Source : Congressional Budget Office 2004, figure 3.
Sources: Bureau of Labor Statistics, US Department of Labor, and National Bureau of Economic Research.
With the trend increase in the average duration of unemployment, the maximum period that workers can receive UI has fallen from two times to a little more than 1.5 times the average duration of unemployment. As with benefit levels, there does not appear to be any significant relationship between benefit duration and local labor market conditions.
Extended Benefit Program
The UI system proved unable to respond to surges in unemployment during most of the cyclical downturns over the past half century. Increases in the duration of unemployment during and immediately following those recessions were the primary impetus for extending statutory UI beyond its base period. Congress enacted the first temporary extension of UI during the 1958 recession. In 1970, Congress enacted the Extended Benefit (EB) program with automatic triggers to provide assistance in a more orderly fashion. High rates of regular UI exhaustion, problems with the automatic triggers, and political pressures resulted in the need for subsequent congressional action to deal with heightened levels and prolonged duration of unemployment during recessions.
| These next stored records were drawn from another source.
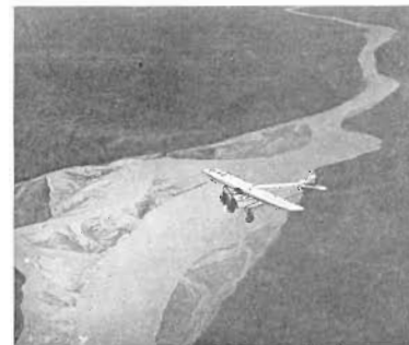
The Colorado River forms the California-Arizona Boundary line

Considerably over 100 miles per hour, the Air Liner speeds on, and soon the narrow ribbon of the Colorado River, winding its muddy course towards the Gulf of California, comes into view. The Plane is now entering the Palo Verde Valley, and the passengers can see the town of Blythe, on the West bank of the Colorado River.
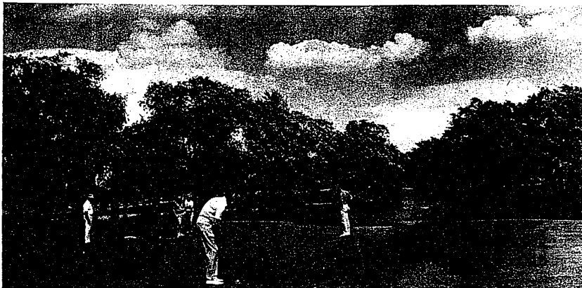
The 17th hole at Oakland Hills Country Club will be somewhat more congested than in this view when the Professional Golfer's Association (PGA) Championship moves into the area the end of July.
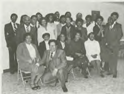
Central States literature evangelists.
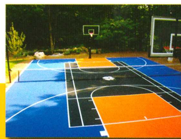
1/2 Basketball Court
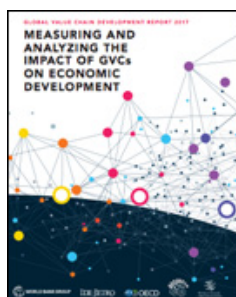
Measuring and Analyzing the Impact of GVCs on Economic Development
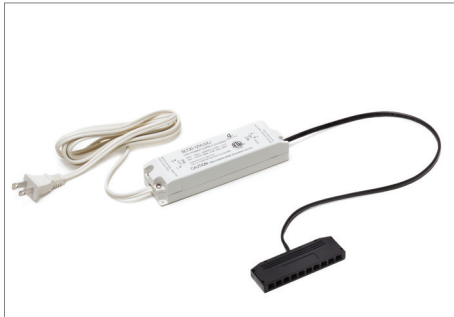
SLT30-12VL(UL) for 12Vdc LED
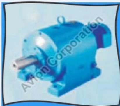
P Series Helical Inline Gear Motor
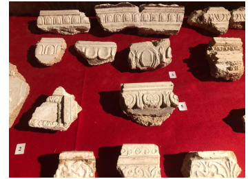
MARBLE PILLAR PIECES AT CASA ROMANA

Almost under our feet were the very mosaics that decorated the floor some rich Roman family owned years ago — the detail in the geometric patterns and colors was wonderful to see for myself! I’m glad such meticulous work has lasted so long. Inside the house, we saw artifacts of everyday objects and remnants of inscriptions.
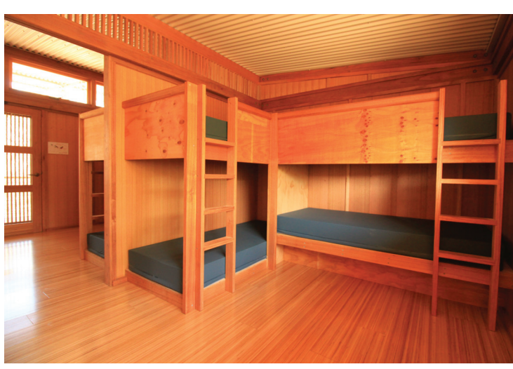
Eight-bunk room interior.
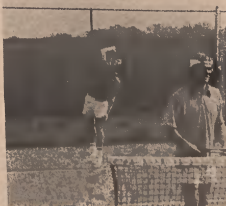
Tennis will be continued on a club basis.
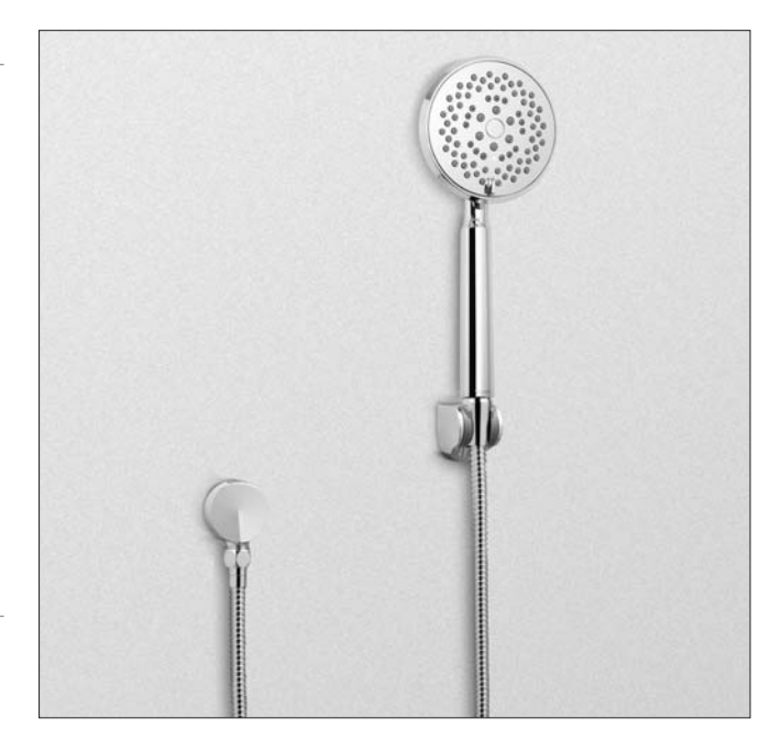
TS400F55: Transitional Collection Series B Multi-Spray Handshower 4-1/2"

The multi-spray handshower shall have a maximum flow rate of 2.5 gpm (9.5 lpm). Product shall have a 4-1/2" handshower and a 4" diameter spray face. Product shall have 5 multifunction spray modes. Spray modes shall be spray, spray and massage combo, massage, mist and pause. Product shall have rubber nozzles to prevent limescale build up. Product shall be TOTO Model TS400F55#____.
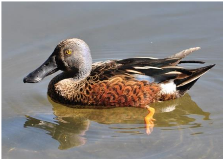
Australian Shoveler Peter Valentine

Grey Currawongs were flushed from a eucalypt tree and a single Grey Fantail sang and danced beautifully. It was the white-tailed subspecies, extremely distinctive. Of course there were plenty of more common inland species including Galah, Crested Pigeon and Mistletoebird. A pair of Zebra Finches was nest-building, presumably in response to the early March rainfall. Small groups of Little Crows flew over and Magpies and Magpie-larks were also seen. Raptors were scarce but we did see a single Brown Falcon flying over. A solitary Australian Pipit rounded out the list.

Under the current program, UI benefits can be extended for an additional 13 weeks when the unemployment rate of those workers covered by the program, i.e., the Insured Unemployment Rate (IUR), for the previous 13 weeks is at least 5 and 20 percent higher than that rate for the same 13-week periods in the previous two years. Since states are required to finance half of the extended benefit programs, they are free to adjust this trigger.
Changes in the labor market combined with the static nature of the triggers, have produced an extended benefit system that is not automatic. As a result, Congress has occasionally found it necessary to extend UI through the Temporary Extended Unemployment Compensation program. Since the 1980s, the standard extended benefit program has provided a smaller share of assistance to unemployed workers than the emergency extensions of UI enacted by Congress.
Although helpful to millions of workers, these temporary stopgap measures have politicized unemployment, thereby undermining one of the initial goals of the UI program. These temporary programs have proven to be clumsy, typically being enacted after hundreds of thousands of workers have already exhausted their UI. In addition, the sunset provisions are arbitrarily set and usually fall before employment has recovered. Overall, the nation's UI program has become less automatic and more dependent on congressional action in response to prolonged periods of economic slowdown.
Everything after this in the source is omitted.